Installation and Usage#

With Docker Compose#

Use the Bialet Skeleton repository or the framework repository to start Docker Compose the application.

Customizing the Application Directory#

To specify a custom directory for the Bialet project, set the BIALET_DIR environment variable:

BIALET_DIR=/path/to/app docker compose up

Changing the Default Port#

The default application port is 7000. To use a different port, set the BIALET_PORT environment variable:

BIALET_PORT=7001 docker compose up

Building from Source#

To build Bialet from source, you’ll need to install certain dependencies and run the build process.

Dependencies#

Debian/Ubuntu#

sudo apt install -y libsqlite3-dev libssl-dev libcurl4-openssl-dev

MacOS#

brew install sqlite3 openssl curl

Windows#

  • libcrypto-3-x64.dll

  • libsqlite3-0.dll

  • libssl-3-x64.dll

Building the Project#

After installing the dependencies, compile the project:

make clean && make

To install the built application, run:

make install

Syntax Highlighting#

You have available the plugin for Vim/Neovim.

Plug 'bialet/bialet.vim'

We are still working on supporting VSCode and other IDEs.

Using the Bialet CLI#

The Bialet CLI allows you to interact with the application directly from the command line.

Basic Usage#

To start the application, simply run:

bialet

By default, the application runs in the current directory.

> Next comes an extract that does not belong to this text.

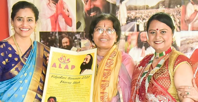 ALAP Mumbai Awards 2020: By Artistes for Artistes Photos: Suresh Muraleedharan April 3, 2020 Kathak at the Art of Living Academy of Performing Arts (ALAP), which was launched in Mumbai, completed its 5th anniversary this year in collaboration with the NCPA Mumbai Dance Season. In 2018, both NCPA and ALAP launched their dance seasons with events spread over Mumbai spanning performances by maestros and students, workshops on dance, talks and discussions on Shastra and sessions on allied arts like makeup, music and videography. ALAP Kathak Mumbai has been graced by Kathak maestros like Pt Birju Maharaj, Pratap Pawar, Dr. Puru Dadheech, Saswati Sen and many others. Started under the aegis of spiritual Guru Sri Sri Ravishankar, ALAP strives to bring about holistic approach to Kathak performance and pedagogy, maintaining deep spiritual roots. Under the directorship of Dr. Manikantan Menon, ALAP Mumbai features a Kathak Reference Library curated by Paullumi Mukherjee, Kathak ensemble coordinated by Sunil Sunkara, authentic Kathak training at the grassroots level by Gayatri Bhat and specialized training for hearing impaired students by Tejas Mehr Desai. While there is always an ongoing debate about how artistes from other metros are ignored by Delhi, ALAP Mumbai decided to answer this question by starting a unique award series that celebrated the work of Mumbai artistes. The jury was a panel of young and senior Kathak artistes from Mumbai. Instituted in the name of Guru Sri Sri Ravishankar, four unique categories of awards were created - NRITYA RAVI for upcoming soloists below the age of 30, KALA RAVI for those below the age of 40 expanding the boundaries of Kathak, VIDYA RAVI for those below the age of 55 who have left a mark on Kathak pedagogy and finally KALA PRACHAAR RAVI for artistes who are striving to preserve and promote art. ![]() Nidhi Prabhu ![]() Sandhya Purecha & Ayan Banerjee Nritya Ravi Samman 2020 was given to Nidhi Prabhu and Ayan Banerjee, both rising stars making their mark as Kathak soloists internationally. Nidhi is taking forward the legacy of her Gurus Dr. Manjiri Deo and Pt Mukundraj Deo and her performances are knows for authenticity and virtuosity with a perfect balance of speed and delicacy. Ayan is taking forward the legacy of his teacher Sandip Mallick and mentors Saswati Sen and Pt. Birju Maharaj. His innovative and unique approach to Kathak strikes a subtle balance between the traditional and contemporary aspects of the art form. Kala Ravi Samman 2020 was given to Lalita Soni, Karan Kishan and Karan Bakshi. Lalita Soni through her body of work has succeeded in expanding the boundaries of Kathak and making her mark on stage as well as screen through her forays into television, films and reality format dance shows. Lalita combines the essence of Kathak with vibrant folk forms as well as popular music forms with a synergy that is unique to Mumbai's cultural ethos. Her work is a testament to her masters, folk legend Indumate Lele, Bollywood maestro Saroj Khan and Kathak legends Asha Joglekar and Pt. Birju Maharaj. ![]() Lalita Soni ![]() Asavari Pawar & Karan Kishan Karan Kishan, a young artiste with a wide spectrum of creativity, is known for authentic and popular dance dramas and choreographies presented by his institution 'Divine Arts and Motion Studios'. The works directed by him retain the essence of spirituality, delivered with a contemporary outlook. Karan Bakshi, as a videographer/editor with Indian Raga, has post produced over 100 classical music and dance videos in the last two years. His work has changed the perspective of classical dance presentation in the social media format. He supports a number of independent artistes and underprivileged students through education based initiatives. Guru Manisha Jeet was awarded the Vidya Ravi Samman for her contribution to Kathak education. In the past 25 years, she has trained more than 200 students who have made their mark in the field of Kathak in India and globally. Her organization, the Manas Cultural Institute, has more than 100 awards to its credit, a hallmark to her standard of excellence. A prime disciple of Guru Asha Joglekar, she embodies the dynamic essence of Mumbai and brings innovation into imparting Kathak to the next generation. ![]() Sunil Sunkara with Karan & Priya Bakshi ![]() Shibani Sachdeva & Manisha Jeet Bhavna Shah was awarded the Vidya Ravi Samman 2020 for her contribution to Kathak Education and Academic Administration. An art catalyst, her skills as an administrator and curator have reflected in the success of all organizations she is a part of. As the Production Executive for Sarfojiraje Bhosale Centre, Executive Director of Kala Parichaya, Chief Administrative Executive of Bharata College of Fine Arts & Culture and Director of the NGO Tejas Foundation, she has been instrumental in fortifying the pursuit of academic excellence. The coming decades will see a revolution in the academic pursuit of Kathak and Bhavna Shah has established herself as a pioneer in making Mumbai ready for this future. The Kala Prachaar Ravi Samman 2020, a unique award instituted by ALAP was conferred on Guru Kashmira Trivedi for her contribution to Art Preservation, Propagation and Promotion through print and online media through her dynamic efforts at The Dance India magazine. She continuously strives to unite artistes together as well as support unknown artistes by bringing them to the forefront. Her continuous efforts in Mumbai have brought together artistes to celebrate art through monthly programs. ![]() Gayatri Bhat, Bhavna Shah & Paullumi Mukherjee ![]() Charushila Golam & Kashmira Trivedi The award ceremony was held at Nath Gagangiri Ashram in South Mumbai, a venue that was surrounded by the flowing ocean on one side and trees and temples on the other. The Ashram has been an active venue for dance as well as meditation programs helmed by senior Art of Living faculty Shibani Sachdeva. The ceremony was graced

Customizing Startup Options#

To change the directory where the application runs or adjust other settings, you can use various command-line arguments:

bialet -p 7000 /path/to/app

CLI Parameters#

The table below summarizes the available command-line parameters for the Bialet CLI:

Parameter

Description

Default Value

-p

Port number

7000

-h

Host name

localhost

-r

Run the code passed as argument

None

-l

Log file location

stdout

-d

SQLite database file location

_db.sqlite

-i

Ignored files, comma separated list of glob expressions

README*, LICENSE* , *.json, *.yml, *.yaml

-m

Memory limit (MB)

50

-M

Hard memory limit (MB)

100

-c

CPU limit (%)

15

-C

Hard CPU limit (%)

30

Run code from the Command Line#

To run code from the command line, use the -r command:

bialet -r 'System.print("Hello, World!")'

The response will be printed directly.

bialet -r 'import "bialet" for Response
Response.out("No log, plain response")'

You have to respect new lines in the code.